Hey Howard I had a thought as I read the latest blog, not a thought really but a feeling and a question generated by the feeling. Not sure how or why the two developed (can’t point to specifics). I found myself wondering if the focus on 1.0 and sustainability was in part a sham. Was or is it an excuse for you to try and get the world to go back to a more primitive state not so much because we need too and because you believe we won’t be able to solve the problems that would allow continued growth, but because your spirit is aligned with a more primitive world, and that spirit is being threatened. Not an accusation just a question. Perhaps something for the two of you to have a conversation about when you have one of those romantic dinners.
“Criticism may not be agreeable, but it is necessary. It fulfills the same function as pain in the human body. It calls attention to an unhealthy state of things.”
– Winston Churchill
These are very personal issues, and I was just amazed how I woke this morning and was sitting at breakfast beginning reading The Great Work. Man, my pulse just raced, and as I read and read I was just so invigorated as all of it just connected with my views and experiences, and then I hit on this part…
“The proposal has been that no effective restoration of a viable mode of human presence on the planet will take place until such intimate human rapport with the Earth community and the entire functioning of the universe is re-established on an extensive scale. Until this is done the alienation of the human will continue despite the heroic efforts being made towards a nigh benign mode of human activity in relationship to the earth.”
This excerpt from Thomas Berry’s book, ‘The Great Work’
I’m hoping that as the posts come out and ‘you’ move on your One Point Zero journey pieces start falling into place for you, and my views on some of these challenging issues become clearer? Not that I’m asking you to agree with them, I just hope that they help stoke healthy debate within you? Debating and agreeing to disagree is healthy. Not debating is not healthy, as we both lose out! This is where I value comments, challenges and questions.
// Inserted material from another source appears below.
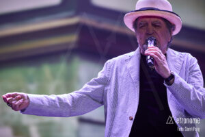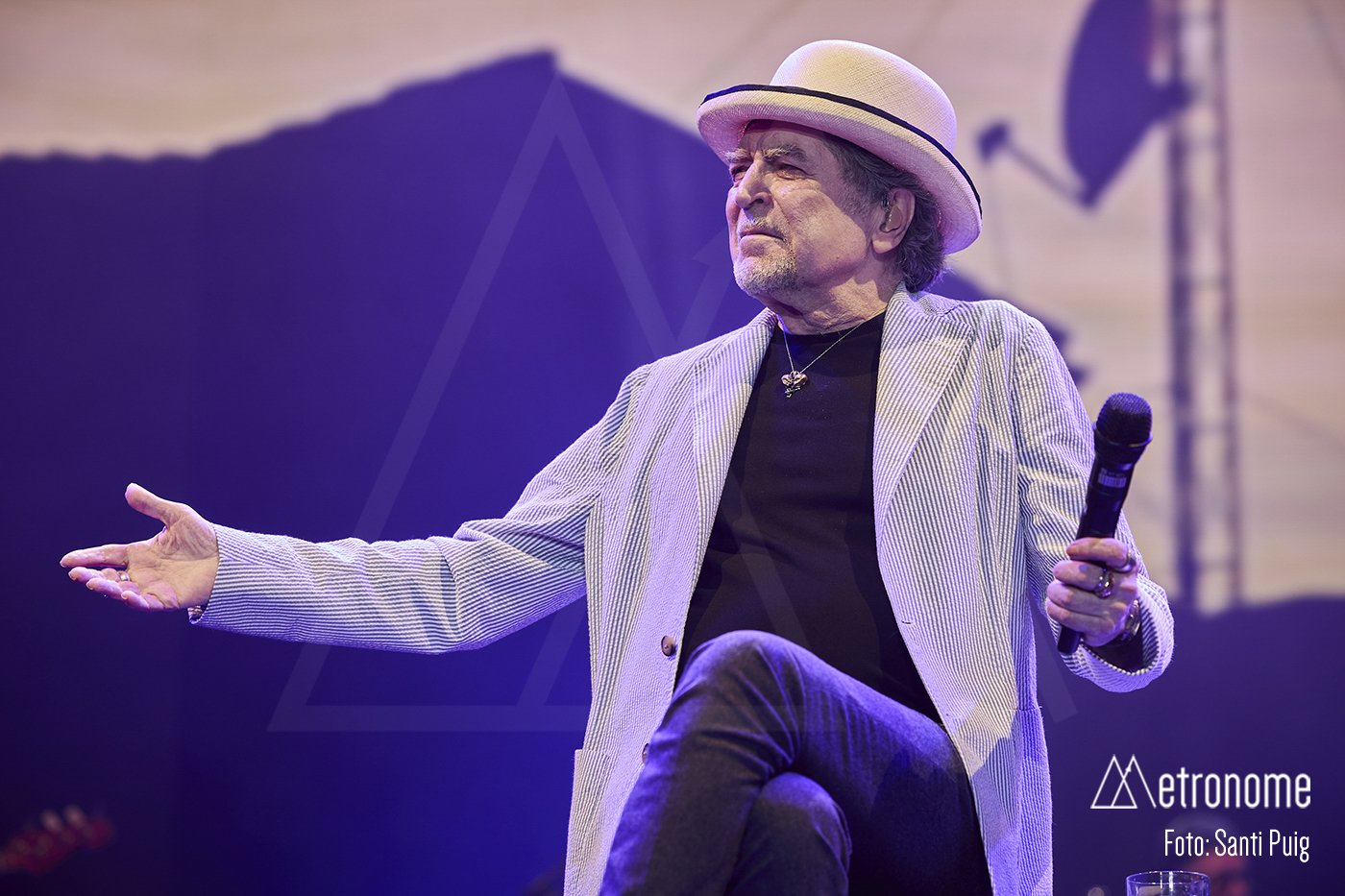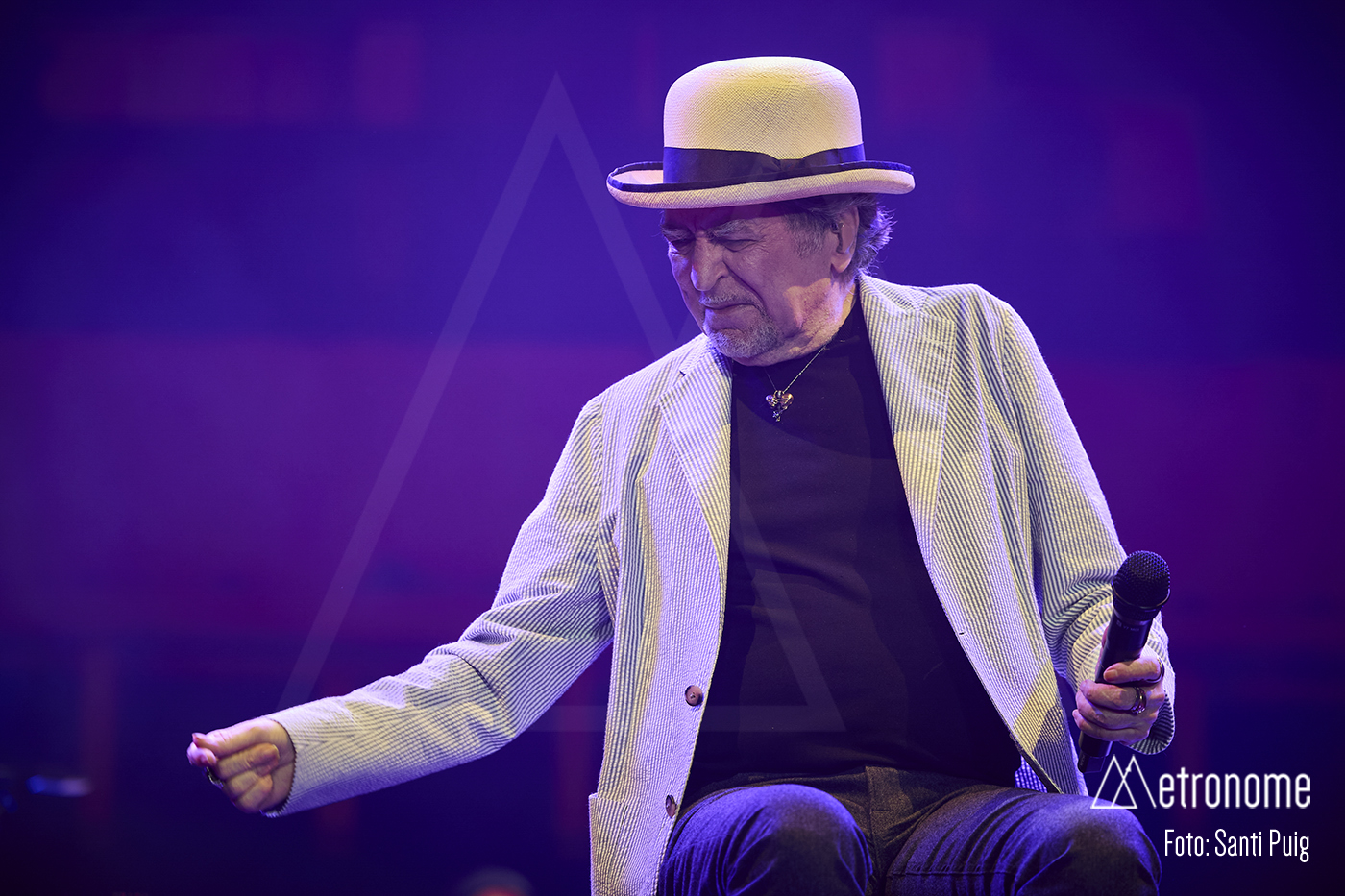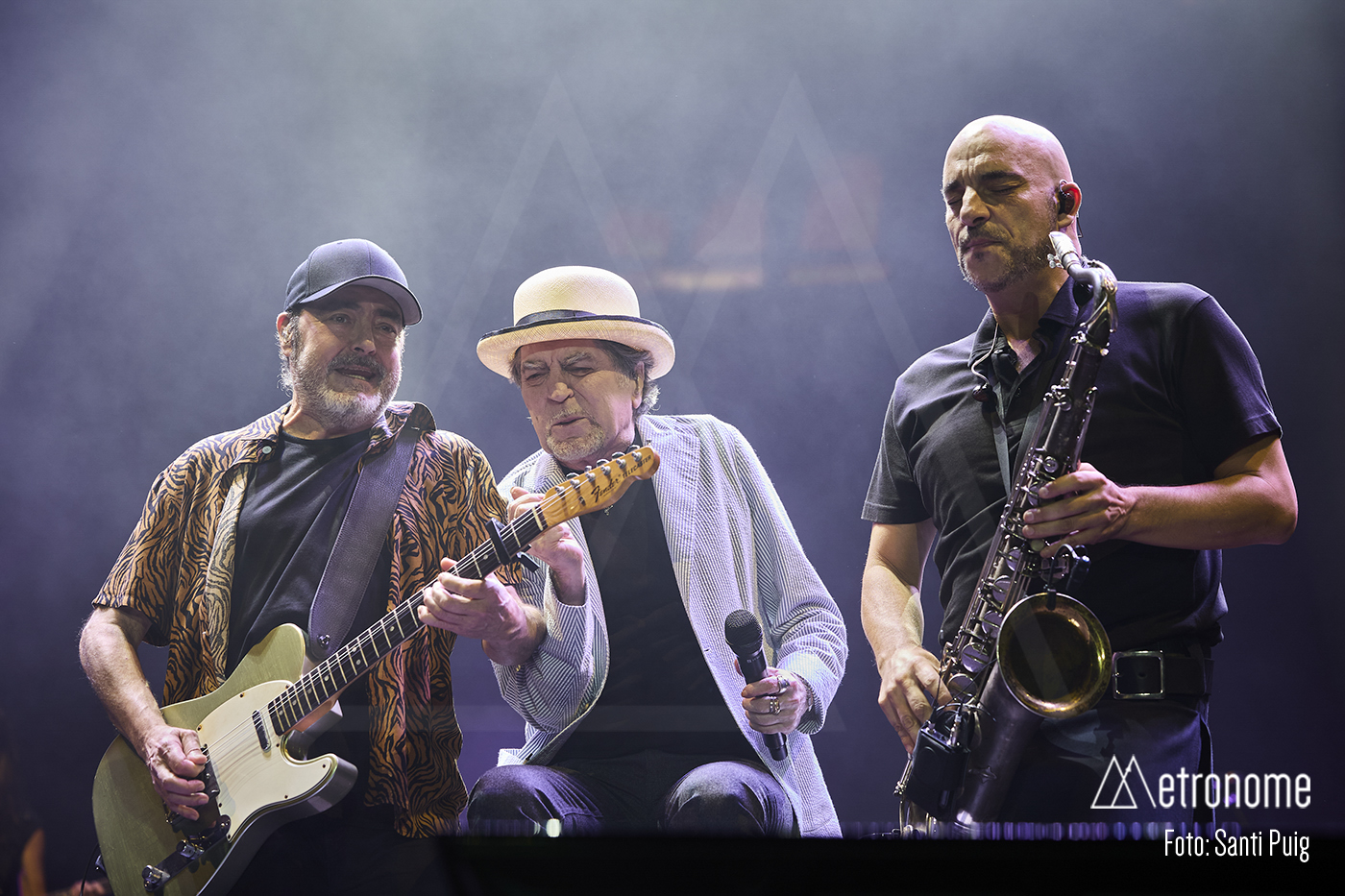 Cuando por fin se apagaron las luces, Sabina apareció lentamente, con esa fragilidad tan suya, saludando con una reverencia a los presentes para sentarse en un taburete en el centro del escenario. Desde el primer acorde quedó claro que el suyo iba a ser un concierto íntimo, de confesión más que de espectáculo. El propio Sabina se encargó de situar la velada en contexto: recordó con cariño su relación con Cataluña, mencionó al “Noi de Poble Sec” un Joan Manel Serrat presente entre la multitud que llenaba el Sant Jordi y sus “Paraules d’Amor”, y a quien, por cierto, dedicó el tema “Calle Melancolía” y evocó a “L’home del carrer” Quico Pi de la Serra y a Ovidi Montllor con su “Homentatge a Teresa” con esa añoranza de haber podido disfrutar de canciones compartidas.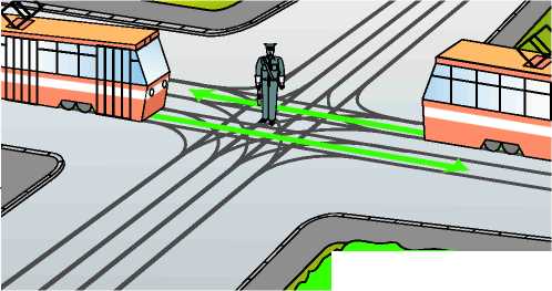 • трамваю разрешается движение - только налево, так как трамваи всегда должны двигаться строго по оси, которую образует тело регулировщика, даже если она согнута.

I think Bob’s question(s) are very, very important and vital for debate.
Knowing you well Bob, and always enjoying your enlightened and authentic contributions, I have called my response…
“Shams and Primitive, Threatened Spirits!” Click here to continue reading…
Thanks for this post Howard, it certainly sparked a great debate at our place last night! Who benefits from shipping meat at -25 degrees half way around the world? The 1% who buy and eat it? They probably enjoy it… The farmers who sell the meat? Maybe… The government fulfilling their rediculous trade agreements? Most definitely! The people who live in the country where the meat comes from? Not when exports have pushed the price up making it unaffordable for most… Here in Nelson we live an hour away from King Salmon farms in the Marlborough Sounds, yet I go to the supermarket and only find atlantic salmon fillets which have been frozen and shipped from Norway?! I’m with you Howard, I’ll only buy locally grown meat & fish.